Sunday, August 29, 2010

True to me today.

Life has shown me true truths and false truths.


   Truths have opened flood gates of information in my experience, some of which I truly have valued and grown from. While others have hindered that same process of growth. Yet as I sit here and write this I can’t help but think of one truth that started as a lie, as an inconsistency that I held to be true and right. As Walt Whitman states, “Whatever satisfies the soul is truth”, I agree with this up to the point when the soul questions its own satisfaction. Yet what happens when the truth that rocked us to sleep no longer fulfills that need to be comforted and in turn is now part of the reason we toss and turn at night. For me that same questioning described above occurred during a point when I questioned my morality compared to my learned ethics.
  

   I was about twelve years old, grew up catholic, did my duties as a good ole catholic boy, and believed what I was told about right and wrong, heaven and hell. My ethics, the things I was taught to value and cherish as close as family, started to conflict with what I thought was morally right. Now by no means at this age was I ready to read the Bible, the Torah, The Qur’an, or any holy higher book and understand the true meanings behind the words, but it did seem as though the quote by Lewis Carroll, “What I tell you three times is true” was to be taken as enough proof that my teachings should without a doubt conquer my sense of moral objectivity. And yet I couldn’t buy that, I could not succumb to the idea that one road, one modality of thought was better then another. That one person should be shunned for something they could not control or could no longer hide for fear of discrimination and feelings of self hate.
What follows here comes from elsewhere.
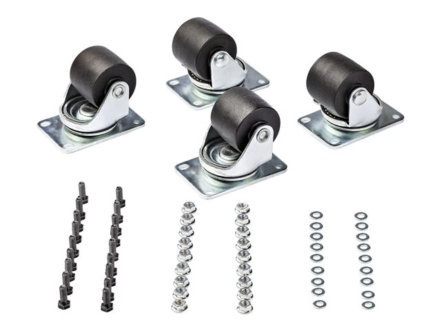StarTech.com Heavy Duty Casters for Server Racks/Cabinets, Set of 4 Universal M6 2-inch Swivel Caster Kit, 45x75mm Pattern, Replacement Caster Wheels for 4 Post Racks, Steel/Plastic - 4-Pack Rolling Caster Kit (RKCASTER2) - Kit de roulettes pour rack - noir, argent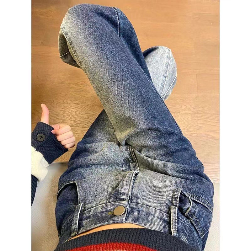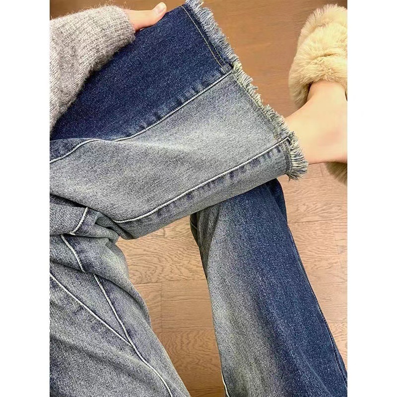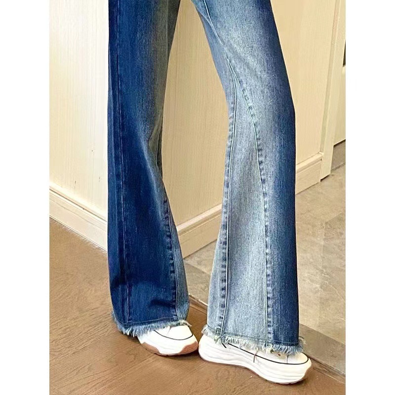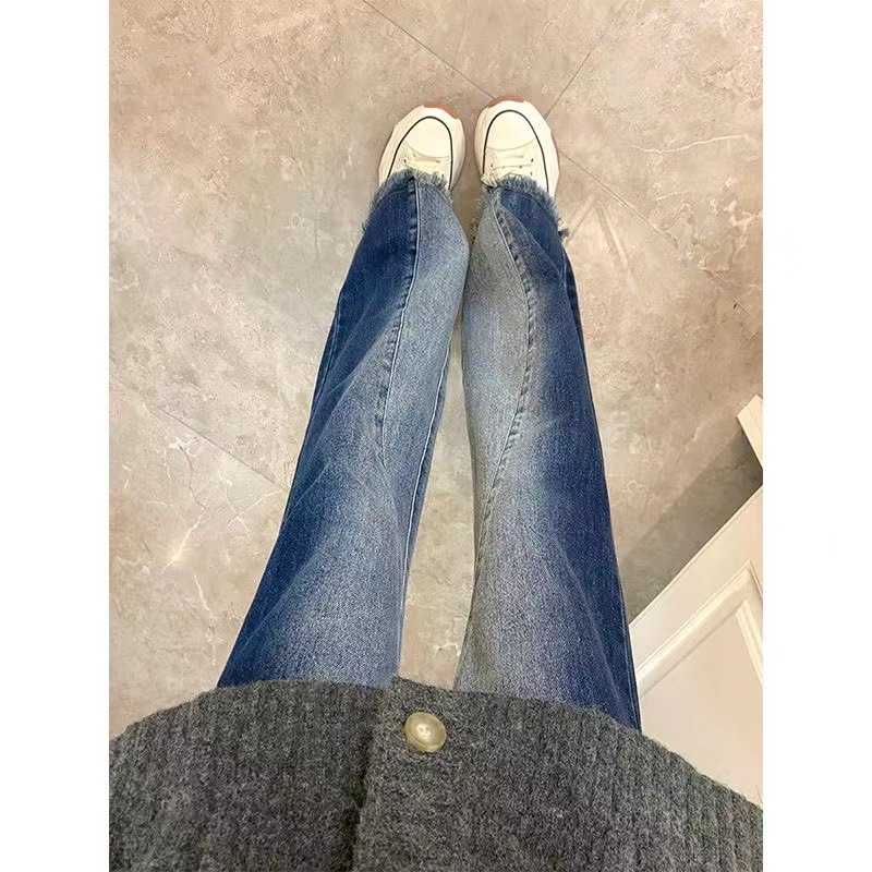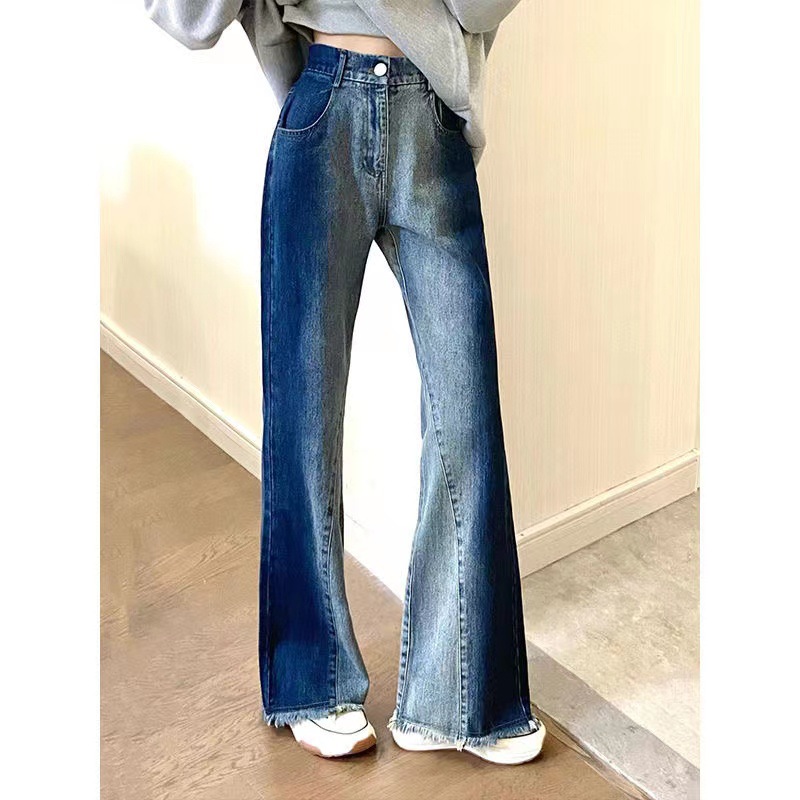 봄과 가을 빈티지 그라디언트 마이크로 프릴 청바지 여성용 스파이스 걸스 인터넷 인기있는 새로운 하이 웨이스트 느슨한 와이드 레그 플로어 바지스토어 가기

I questioned not my faith, but my education as it related to being what I envisioned as a morally upright citizen. Scriptures that touched on race, sexuality and even slavery were used only when it seemed to enhance what we were expected to learn. It was what we as young men and women were expected to accept without further questioning, and worse yet were cast aside when those same words “corrupted” our young minds. After reading and listening, I much later in life decided on something that satisfied my soul, that satisfied my need for all the parts to fit into each other without too much conflict. While I still haven’t been able to tell myself three times that what I believe now is the absolute truth, I have been able to say it twice.

1 comment:

  1. I can really relate to your story. I was raised protestant and went to a catholic high school where I saw how the two denominations collide. I also saw that many people believed that there was only one specific path and that all others were wrong. I can understand your internal conflict and that it is difficult to question something when it has become so engrained in your beliefs and opposes what you are “suppose” to believe. At the end of the day you can’t lie to yourself. You know in your heart what you believe to be true, what you believe to be not true, and what you are unsure about. Questions of faith and truth are difficult because they vary based on perspective and therefore are not concrete. I think it is natural for one’s personal “truth” to change over time and with experiences in life that broaden one’s outlook.